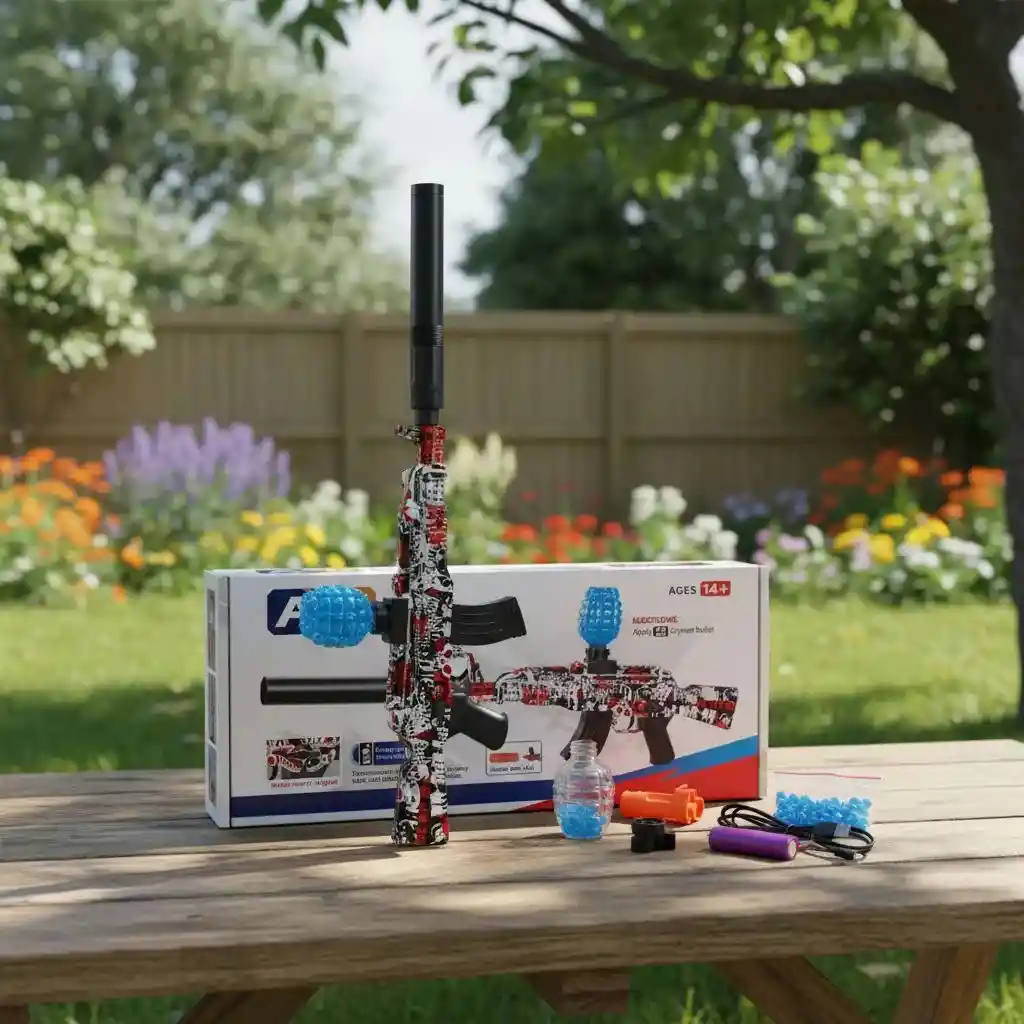 🔫 Rifle de Balas de Gel Eléctrico y Manual A-K – Crystal Bullet Gun El rifle A-K Crystal Bullet Gun combina la acción eléctrica y manual para ofrecer una experiencia de juego más realista y divertida. Su diseño moderno con acabado gráfico tipo graffiti y funcionamiento con batería recargable lo convierten en una excelente opción para quienes disfrutan los juegos de puntería y acción. ✨ Características principales: ⚙️ Modo dual: funcionamiento eléctrico y manual 🔋 Incluye batería recargable y cable USB de carga 📏 Longitud total: 63 cm 💥 Munición: balas de gel de 7-8 mm (crystal bullets) 🎨 Diseño con acabado gráfico colorido 🧰 Accesorios incluidos: silenciador, depósito de balas, balas hidrogel, cargador, batería y cable de carga 📦 Medidas del empaque: 41 x 18 x 6,5 cm 🎯 Beneficios: Favorece la coordinación y puntería Promueve el juego al aire libre Diseño ergonómico y seguro ⚠️ Edad recomendada: Mayores de 12 años
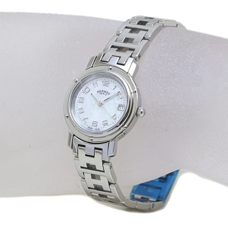 Pre-Owned HERMES Clipper Nacr?e White Shell Watch with New Buckle, Women's, CL4.210.212, 3821 Stainless Steel, 40044
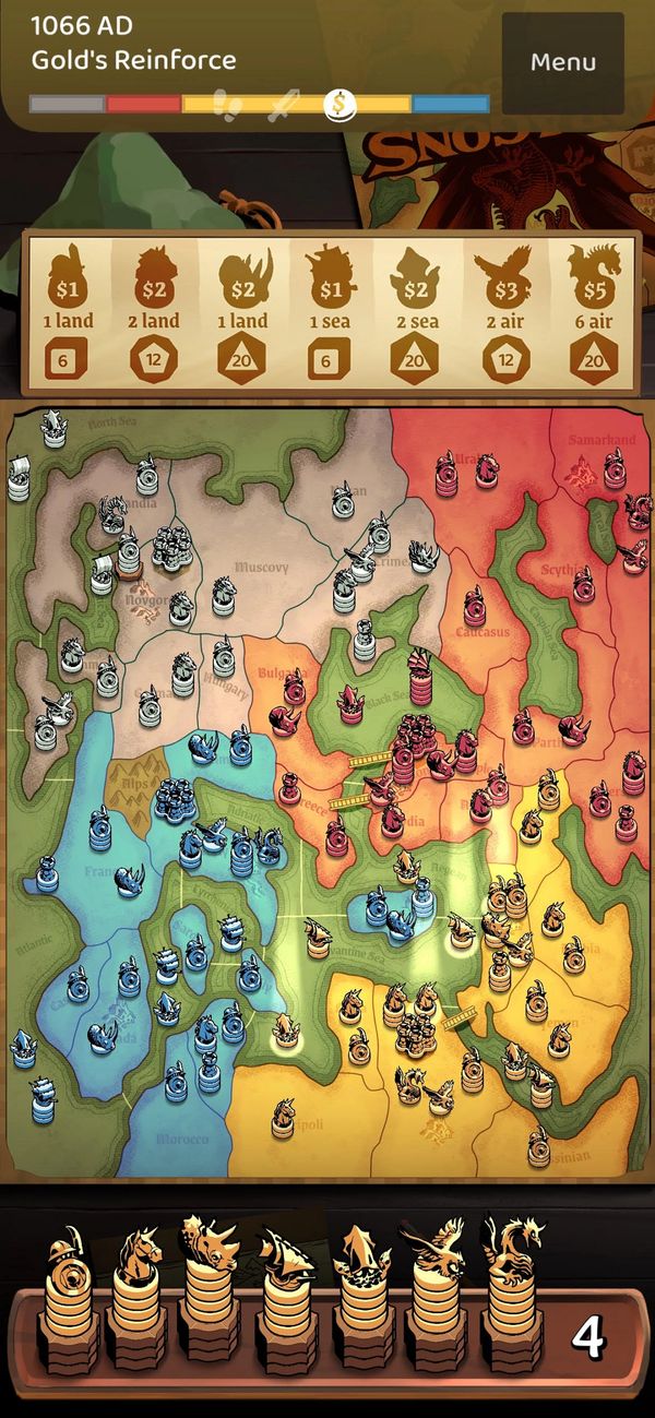 Dragons of 1066 is a classic, turn-based fantasy board game for 2-4 players in online or local play. Gather your friends and fight The War for Mythic Europe in real-time or asynchronous battle. Plan your strategy, recruit your armies, risk it all in a throw of the dice for victory.
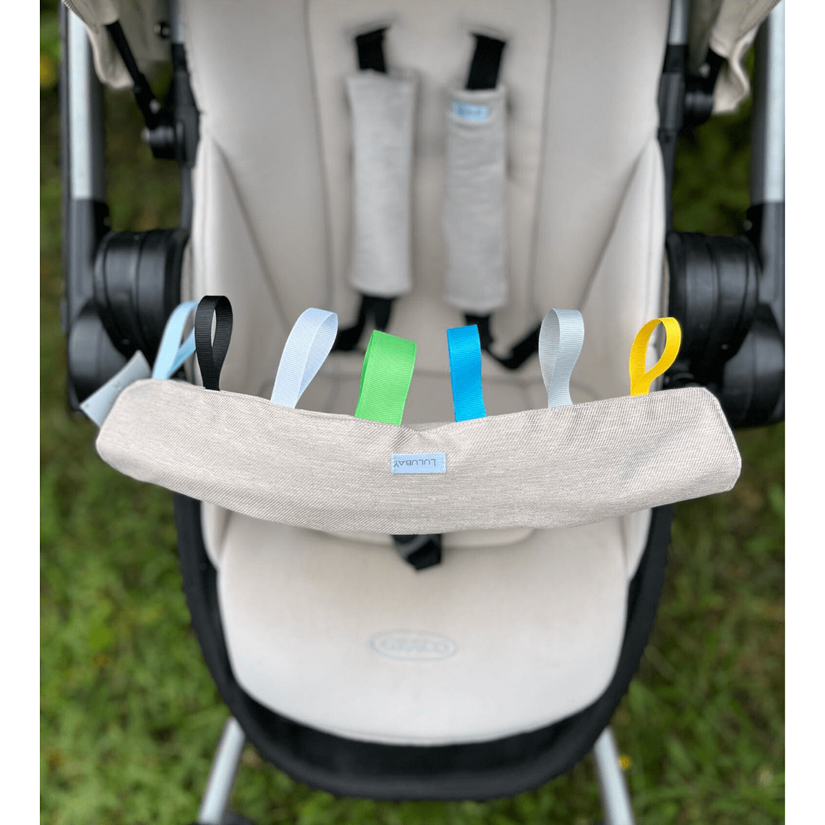 Dwustronny ochraniacz na pałąk do wózka, beżowy ochraniacz z tasiemkami
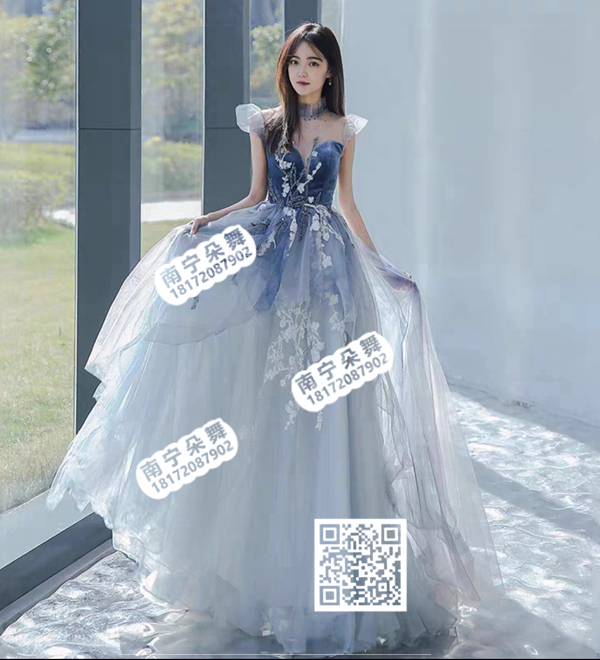 蓝色白花多纱长礼服
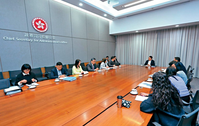 ▲政務司司長陳國基主持跨部門會議,統籌和指示各部門作好準備。
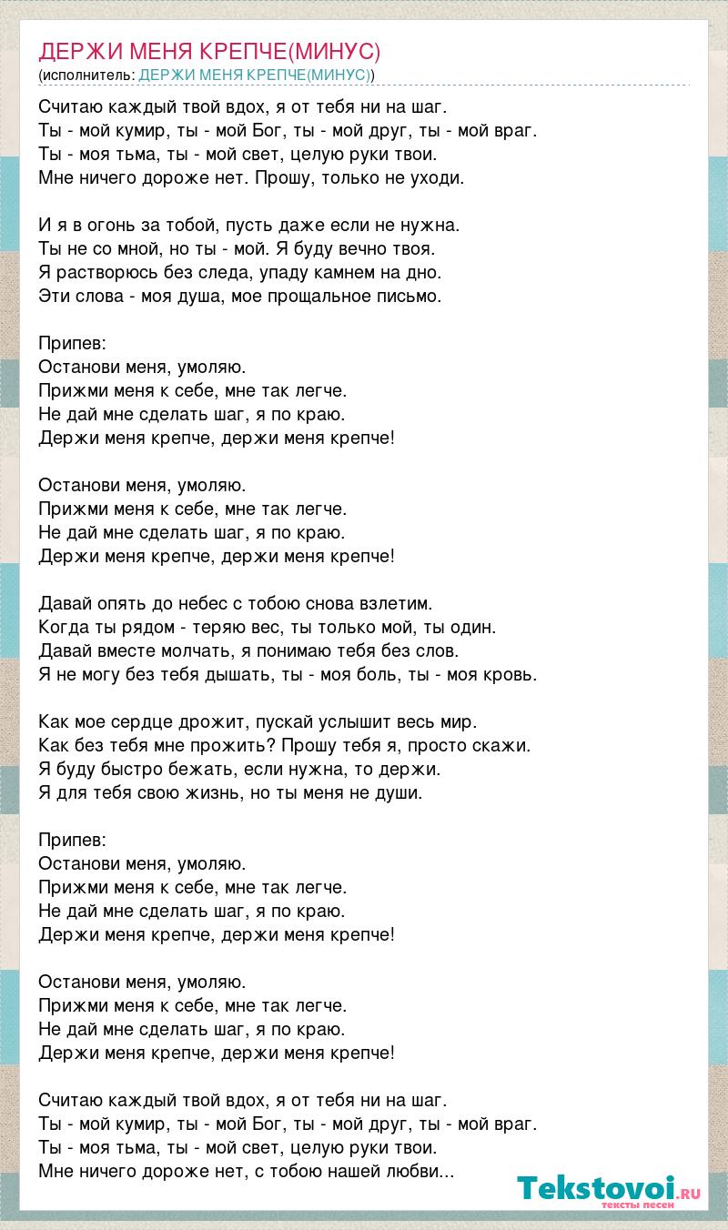 Считаю каждый твой вдох, я от тебя ни на шаг. Ты - мой кумир, ты - мой Бог, ты - мой друг, ты - мой враг. Ты - моя тьма, ты - мой свет, целую руки твои. Мне ничего дороже нет. Прошу, только не уходи. И я в огонь за тобой, пусть даже если не нужна. Ты не со мной, но ты - мой. Я буду вечно твоя. Я растворюсь без следа, упаду камнем на дно. Эти слова - моя душа, мое прощальное письмо. Припев: Останови меня, умоляю. Прижми меня к себе, мне так легче. Не дай мне сделать шаг, я по краю. Держи меня крепче, держи меня крепче! Останови меня, умоляю. Прижми меня к себе, мне так легче. Не дай мне сделать шаг, я по краю. Держи меня крепче, держи меня крепче! Давай опять до небес с тобою снова взлетим. Когда ты рядом - теряю вес, ты только мой, ты один. Давай вместе молчать, я понимаю тебя без слов. Я не могу без тебя дышать, ты - моя боль, ты - моя кровь. Как мое сердце дрожит, пускай услышит весь мир. Как без тебя мне прожить? Прошу тебя я, просто скажи. Я буду быстро бежать, если нужна, то держи. Я для тебя свою жизнь, но ты меня не души. Припев: Останови меня, умоляю. Прижми меня к себе, мне так легче. Не дай мне сделать шаг, я по краю. Держи меня крепче, держи меня крепче! Останови меня, умоляю. Прижми меня к себе, мне так легче. Не дай мне сделать шаг, я по краю. Держи меня крепче, держи меня крепче! Считаю каждый твой вдох, я от тебя ни на шаг. Ты - мой кумир, ты - мой Бог, ты - мой друг, ты - мой враг. Ты - моя тьма, ты - мой свет, целую руки твои. Мне ничего дороже нет, с тобою нашей любви...
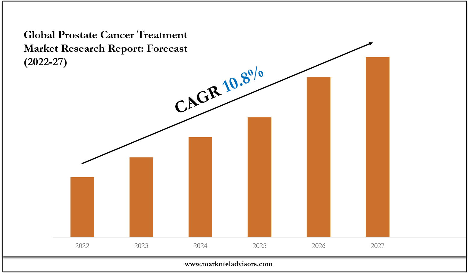 The Global Prostate Cancer Market is projected to grow at a CAGR of around 10.8% during the forecast period, i.e., 2022-27.
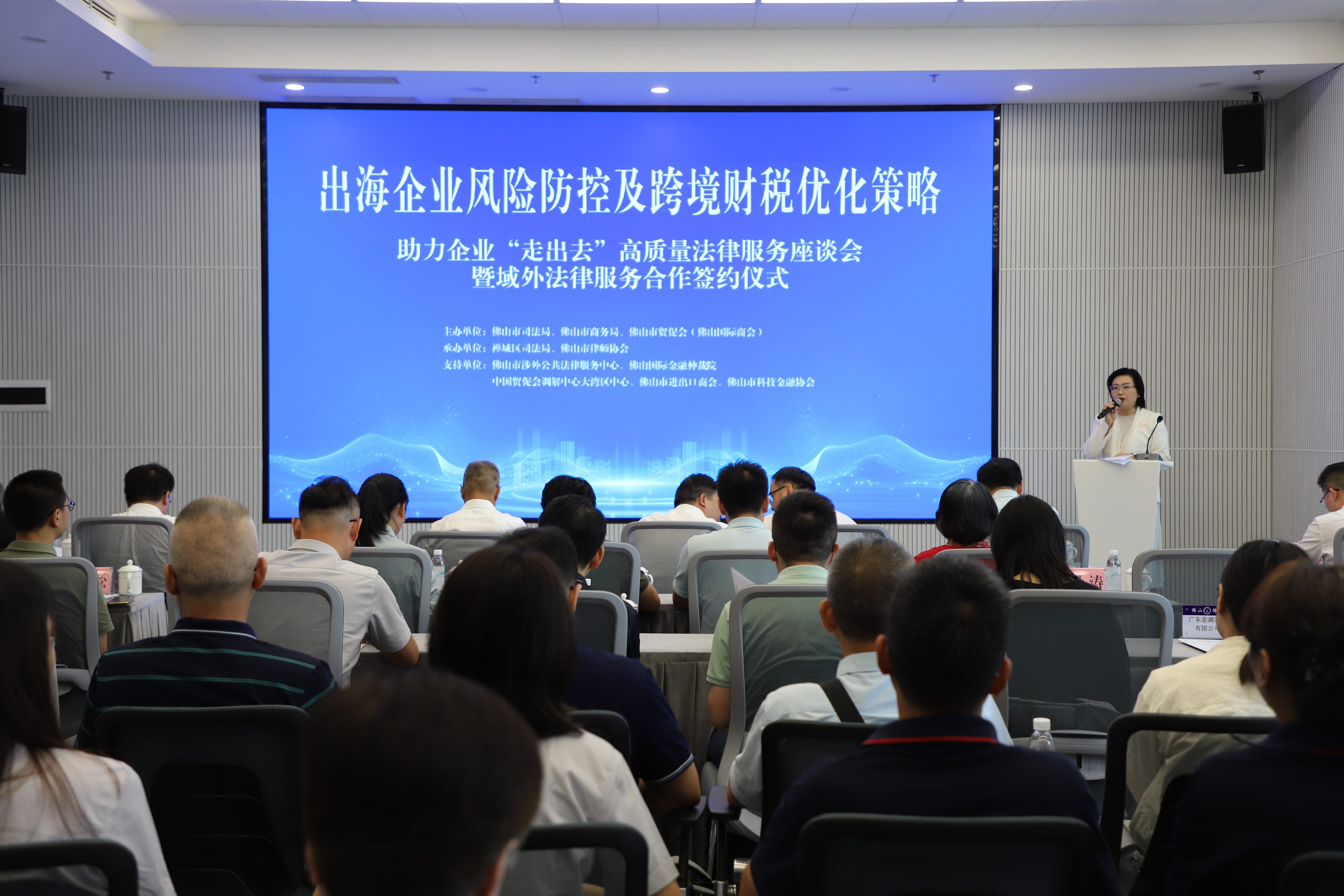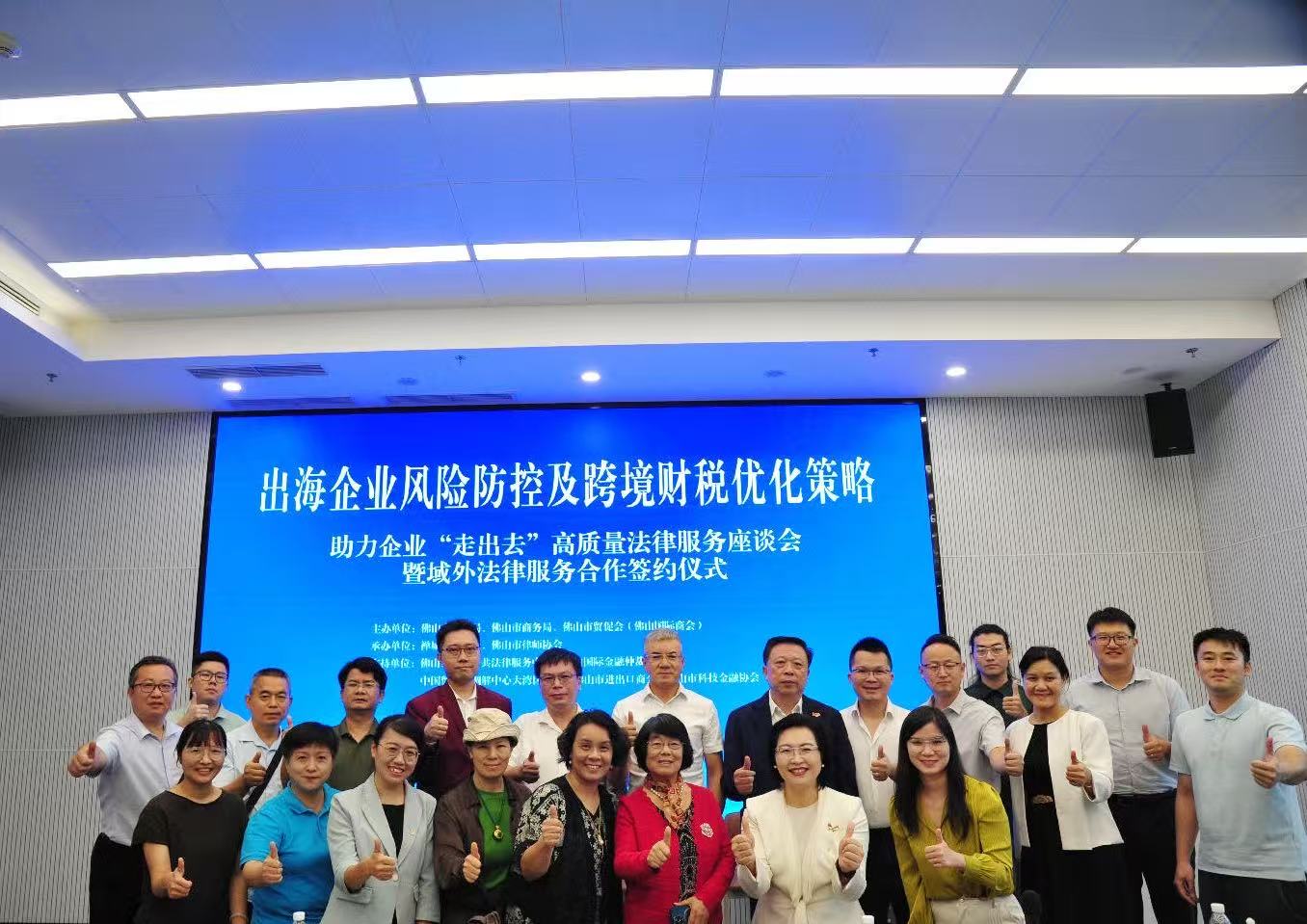 8月21日下午,由佛山市司法局、佛山市商務(wù)局、佛山市貿(mào)促會等單位聯(lián)合主辦的“出海企業(yè)風(fēng)險防控及跨境財稅優(yōu)化策略——助力中國企業(yè)‘走出去’高質(zhì)量法律服務(wù)座談會暨域外法律服務(wù)合作簽約儀式”在佛山中央法務(wù)區(qū)418會議室舉行。市司法局黨組書記、局長劉祖輝,市商務(wù)局黨組書記、局長葉敏堅,市貿(mào)促會黨組成員、副會長葛振海等領(lǐng)導(dǎo)出席活動并致辭,來自企業(yè)、律師代表及相關(guān)單位負(fù)責(zé)人近百人參會。佛山市科技金融協(xié)會作為支持單位,全程參與活動。

-- -- --

▸ Try it
Exact text is required for the lines from the one with "Dwustronny ochraniacz na" through the last line of the entries, both included. Omit pictures.

▸ Exercise response
 Dwustronny ochraniacz na pałąk do wózka, beżowy ochraniacz z tasiemkami
 蓝色白花多纱长礼服
 ▲政務司司長陳國基主持跨部門會議,統籌和指示各部門作好準備。
 Считаю каждый твой вдох, я от тебя ни на шаг. Ты - мой кумир, ты - мой Бог, ты - мой друг, ты - мой враг. Ты - моя тьма, ты - мой свет, целую руки твои. Мне ничего дороже нет. Прошу, только не уходи. И я в огонь за тобой, пусть даже если не нужна. Ты не со мной, но ты - мой. Я буду вечно твоя. Я растворюсь без следа, упаду камнем на дно. Эти слова - моя душа, мое прощальное письмо. Припев: Останови меня, умоляю. Прижми меня к себе, мне так легче. Не дай мне сделать шаг, я по краю. Держи меня крепче, держи меня крепче! Останови меня, умоляю. Прижми меня к себе, мне так легче. Не дай мне сделать шаг, я по краю. Держи меня крепче, держи меня крепче! Давай опять до небес с тобою снова взлетим. Когда ты рядом - теряю вес, ты только мой, ты один. Давай вместе молчать, я понимаю тебя без слов. Я не могу без тебя дышать, ты - моя боль, ты - моя кровь. Как мое сердце дрожит, пускай услышит весь мир. Как без тебя мне прожить? Прошу тебя я, просто скажи. Я буду быстро бежать, если нужна, то держи. Я для тебя свою жизнь, но ты меня не души. Припев: Останови меня, умоляю. Прижми меня к себе, мне так легче. Не дай мне сделать шаг, я по краю. Держи меня крепче, держи меня крепче! Останови меня, умоляю. Прижми меня к себе, мне так легче. Не дай мне сделать шаг, я по краю. Держи меня крепче, держи меня крепче! Считаю каждый твой вдох, я от тебя ни на шаг. Ты - мой кумир, ты - мой Бог, ты - мой друг, ты - мой враг. Ты - моя тьма, ты - мой свет, целую руки твои. Мне ничего дороже нет, с тобою нашей любви...
 The Global Prostate Cancer Market is projected to grow at a CAGR of around 10.8% during the forecast period, i.e., 2022-27.
 8月21日下午,由佛山市司法局、佛山市商務(wù)局、佛山市貿(mào)促會等單位聯(lián)合主辦的“出海企業(yè)風(fēng)險防控及跨境財稅優(yōu)化策略——助力中國企業(yè)‘走出去’高質(zhì)量法律服務(wù)座談會暨域外法律服務(wù)合作簽約儀式”在佛山中央法務(wù)區(qū)418會議室舉行。市司法局黨組書記、局長劉祖輝,市商務(wù)局黨組書記、局長葉敏堅,市貿(mào)促會黨組成員、副會長葛振海等領(lǐng)導(dǎo)出席活動并致辭,來自企業(yè)、律師代表及相關(guān)單位負(fù)責(zé)人近百人參會。佛山市科技金融協(xié)會作為支持單位,全程參與活動。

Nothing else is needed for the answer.